Una sociedad que pierde la memoria. Tewa pasa saliva como
infante frente al postre.
NUMERO DOS
NUMERO TRES
Los indígenas se convirtieron en la noticia mundial. Las cámaras filmaron y retrataron a aquellas
personas desnudas y con el pelo rapado que se extasiaban con galletas y gaseosas. Antropólogos,
periodistas y funcionarios del Gobierno en peregrinaje. Todos maravillados con la gente que vivía
en la Edad de Piedra, con el último grupo nómada y genéticamente puro de América. Pero el
entusiasmo fue de corta duración y luego de la efervescencia inicial los documentales cesaron,
hubo otra noticia, el país se ocupó en el escándalo de moda y la calamidad se cernió sobre los
'fascinantes' indígenas que comenzaron a morir por decenas. En los últimos 20 años, la población
original de los nukak, que se estimaba en 1.500 personas, se redujo a 500. Buena parte de ellos
fallecieron por enfermedades tratables o prevenibles. Y esa solo sería una parte de su tragedia.
NUMERO CUATRO
Ahora Marta, que en aquellos días respondió al nombre de Jiima, asoma la cara detrás de una de
las vigas de la maloca. Luego se esconde con una risa que también oculta bajo su mano. La mujer
se quiere arreglar antes de saludar. Un coatí huesudo la sigue a su residencia de cuatro palos, siete
hamacas y techo de palma recubierto de plástico. Marta espanta al pequeño mamífero y luego pasa
el dedo por el fondo de un recipiente en el que guarda achiote, una sustancia arenosa y rojiza que
se pega a la yema de su índice y con la que configura delicadamente cinco líneas verticales en su
rostro. Sonríe con menos timidez, se siente más bella. La vanidad como idioma universal, como
esperanto de las culturas.
Una adolescente la mira. Ella también está pintada, solo que en vez de
achiote usa colorete en sus labios, también tiene algo de sombras y el pelo
largo. Si no estuviera aquí, sería casi imposible saber que se trata de una
nukak. En el exterior ella, como buena parte de
los jóvenes, parece distanciarse de sus raíces.

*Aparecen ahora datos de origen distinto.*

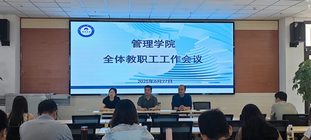 近日,管理学院在综合教学楼C501召开了全院教职工会议。学院领导班子成员及全院教职工参会。此次会议围绕期末考试、近期教学工作、学生管理、安全保障等关键工作,会议由党委书记、行政院长马进宝主持。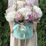 Composition : Hortensia - 5, Pivoine rose - 9, Chamelacium - 3, boîte - 1, ruban - 2 Dimensions : LARGEUR - 30CM; HAUTEUR - 35CM; LONGUEUR - 35CM; (y compris l'emballage) Taille : 30 x 35 x 35 cm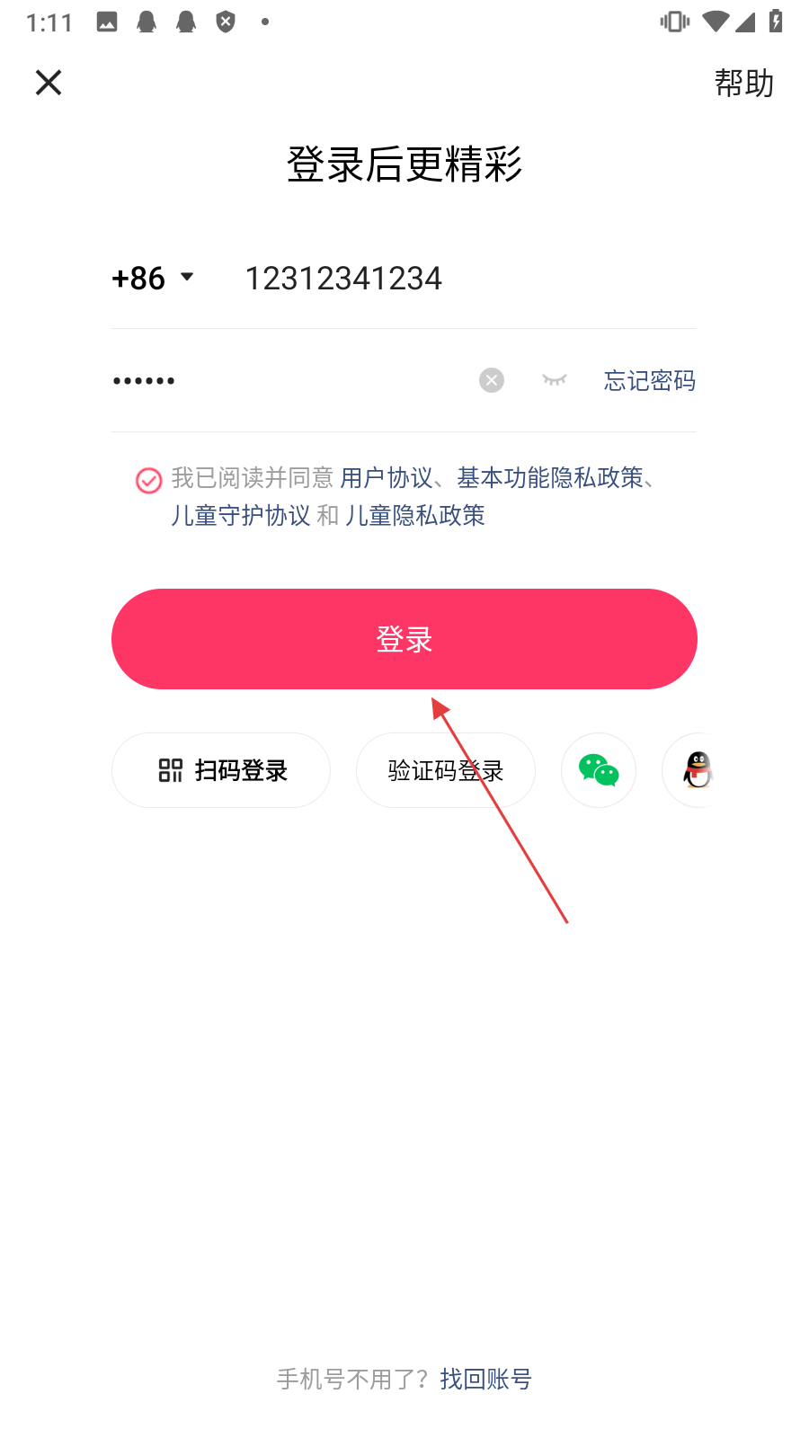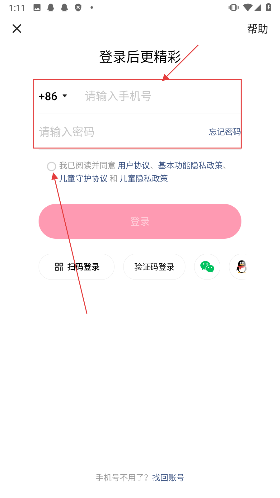 3、在密码登录界面,输入【请输入手机号和密码,勾选协议】。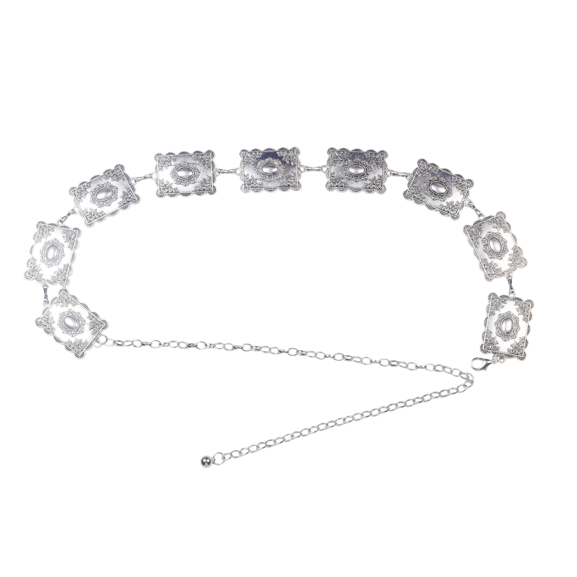 Keywords: ornate chain belt, rectangular link belt, vintage-inspired waist chain, embossed metal belt, statement chain belt, gold fashion belt, women’s decorative belt, boho glam accessory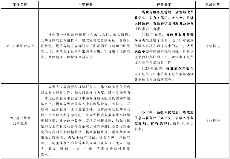28.拓展平臺(tái)應(yīng)用。發(fā)揮省一體化政務(wù)服務(wù)平臺(tái)公共入口、公共通道、公共支撐的總樞紐作用,建立完善政務(wù)服務(wù)統(tǒng)一身份認(rèn)證系統(tǒng),規(guī)范各地區(qū)各部門電子印章制發(fā)核驗(yàn)和用印管理工作,加快電子證照歸集共享應(yīng)用,實(shí)現(xiàn)電子證照簽發(fā)以及跨地區(qū)、跨層級(jí)互通互認(rèn)。(牽頭單位:省政務(wù)服務(wù)監(jiān)管局、省發(fā)展改革委;責(zé)任單位:省有關(guān)部門,各市州、縣級(jí)人民政府,省政府信息與政務(wù)公開辦;完成時(shí)限:持續(xù)推進(jìn))

Ahora usan camisetas, jeans, faldas y gorras.
También se muestran muy interesados por el
dinero y cada tanto alargan la mano y piden la
cuota por dejarse tomar una foto, por una conversación, porque sí.
Fuman cigarrillos y, cuando el presupuesto les alcanza, se toman un
trago. Se mueven entre dos identidades que parecen opuestas: entre
sus tradiciones y el artificial ecosistema de los blancos. Quizás por eso, cuando le niego una
moneda y luego un cigarrillo a un chico flaco de unos 13 años, él me maldice con una retahíla
susurrada de esas palabras nukak repletas de consonantes, entre las que se cuela un madrazo en
buen español. Un insulto híbrido, que acalla uno de los pocos mayores.